Kagome nodded. "That's right. I've been training him for the past couple of months. Gandpa would like to think he can handle things, but his spiritual power as weakened over time and they're not… trustworthy,"
"Or even there," Inuyasha commented under his breath. Kagome rolled her eyes at him.
"Just don't tell him that,"
"I'm not stupid,"
Kagome coughed lightly into her hand and smiled innocently.
"What's so funny?" Harry asked.
"Inuyasha just said something that was particularly amusing, is all. You'd really have to know my family to understand it," she waved a hand at him. Inuyasha frowned.
Harry nodded uncertainly, "Okay,"
Ron pulled out a chess board and challenged his friend to a game, drawing the Boy Who Lived away from the foreign couple. Hermione stayed for a few more minutes before drifting off to a comfortable chair to read her Arithmancy text.
Kagome listened to the swirling conversations around her with half an ear. It had been a long day. She sighed and leaned just a little more into Inuyasha. Perhaps she could just rest her eyes. She would not go to sleep just yet.

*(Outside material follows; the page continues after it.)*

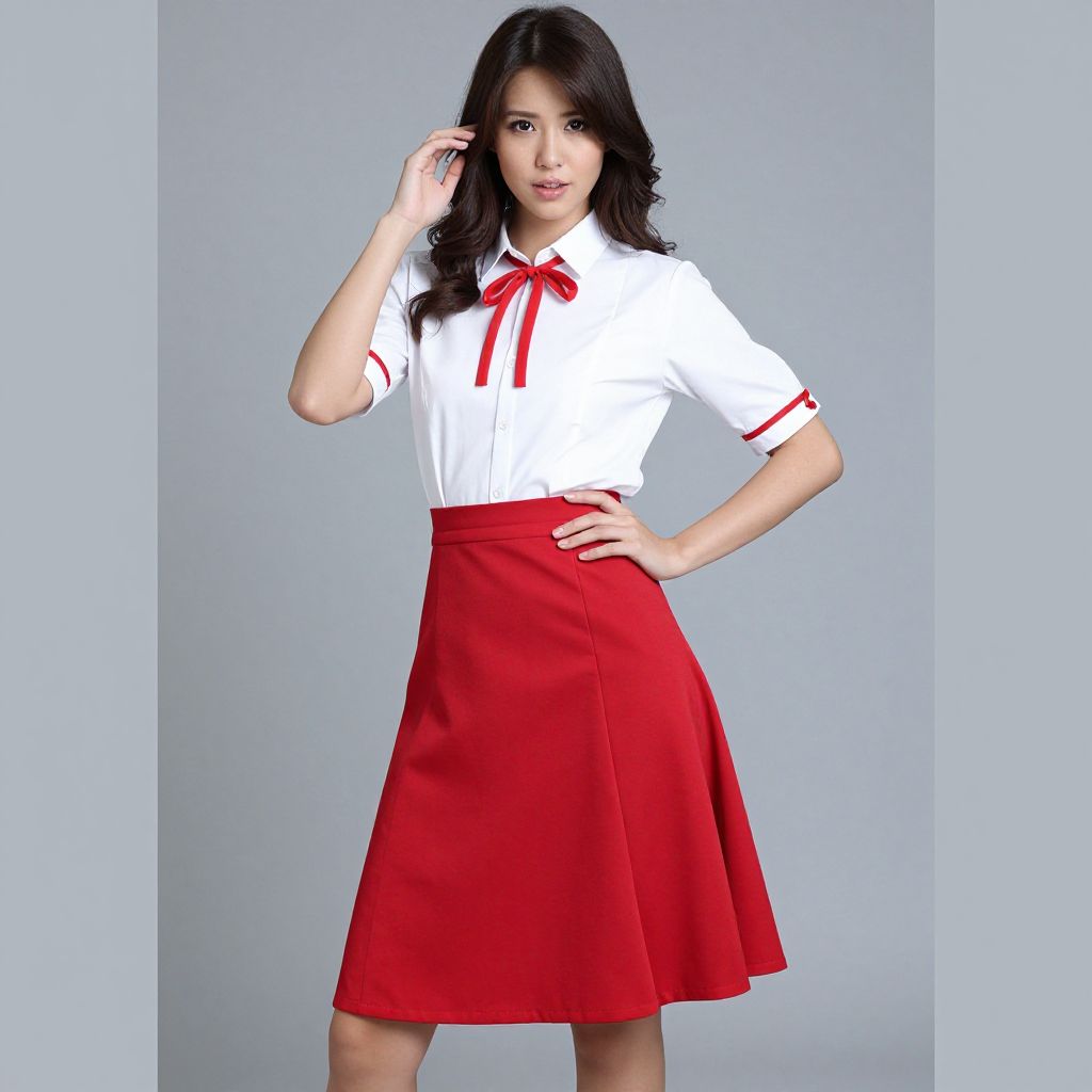 Photograph of an Asian woman with long, wavy black hair, standing against a plain gray background. She wears a white short-sleeved blouse with red ribbon accents and a red high-waisted A-line skirt. Her right hand is raised to her head, and her left hand rests on her hip. The blouse contrasts with the bright red skirt, creating a schoolgirl-inspired outfit. She has a neutral expression and a slender, petite build. The image is well-lit, emphasizing the crispness of the colors and textures.

Inuyasha listened as his mate's breathing evened out. She had fallen asleep again. He wondered idly if she meant to fall asleep so often and so abruptly. But knowing Kagome, probably not.
Silently he gathered her into his arms and walked out of the Gryffindor common room and up into their own little tower. Harry, Ron and Hermione were some of the few people that noticed his quite departure.

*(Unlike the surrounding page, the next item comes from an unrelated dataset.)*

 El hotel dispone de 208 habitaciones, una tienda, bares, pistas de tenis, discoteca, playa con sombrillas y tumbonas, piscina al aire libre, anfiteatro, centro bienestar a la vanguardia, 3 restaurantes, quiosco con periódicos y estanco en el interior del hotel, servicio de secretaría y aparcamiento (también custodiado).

"What's wrong with Kagome? Why'd she just fall asleep like that?" asked Ron, looking up from his game to address Hermione. Hermione shrugged.
"She's just tired, I guess," she smiled enigmatically.
"Strange ones, aren't they?"
"I wouldn't say that," said Harry, "Different, but not really strange,"
"I think they're hiding something," Ron declared.
"Now why would you think that, Ron?" asked Hermione.
"Just look at them! Why'd she really get married so young? And why to something that's not even human? And why is she coming to Hogwarts now?"
"You're paranoid, Ron," Hermione sighed. "She married Inuyasha because she loves him and he's half human so you can't say he's not human. And she's coming to Hogwarts now because now is when she was invited. Really, Ron, Professor Dumbledore wouldn't have invited her if he thought she was going to harm anyone here in any way,"
"Maybe not Kagome but what about Inuyasha? He looks dangerous enough,"
"He promised Kagome not to harm anyone here unless she gives him express permission. And I can't see her doing that,"
"But-"
"Oh, just leave it Ron," and Hermione got up and disappeared up to the Girl's dorm.
"Great, the year hasn't even started and already she's mad at me!"
Harry just had to grin at Ron's predicament.
AN: Can you really blame Kagome for freaking out over the hat? I mean really. After Tsubaki and Menomaru and all those other people traipsing around in her head you can't blame her for wanting to be careful. And I actually had to use that explanation of what youkai are in a Creative Writing class I took since one of the stories I handed in featured a kitsune youkai, his human wife and their hanyou daughter. I think I only confused the poor people in my class (with the exception of maybe five Anime lovers such as myself). Oh well.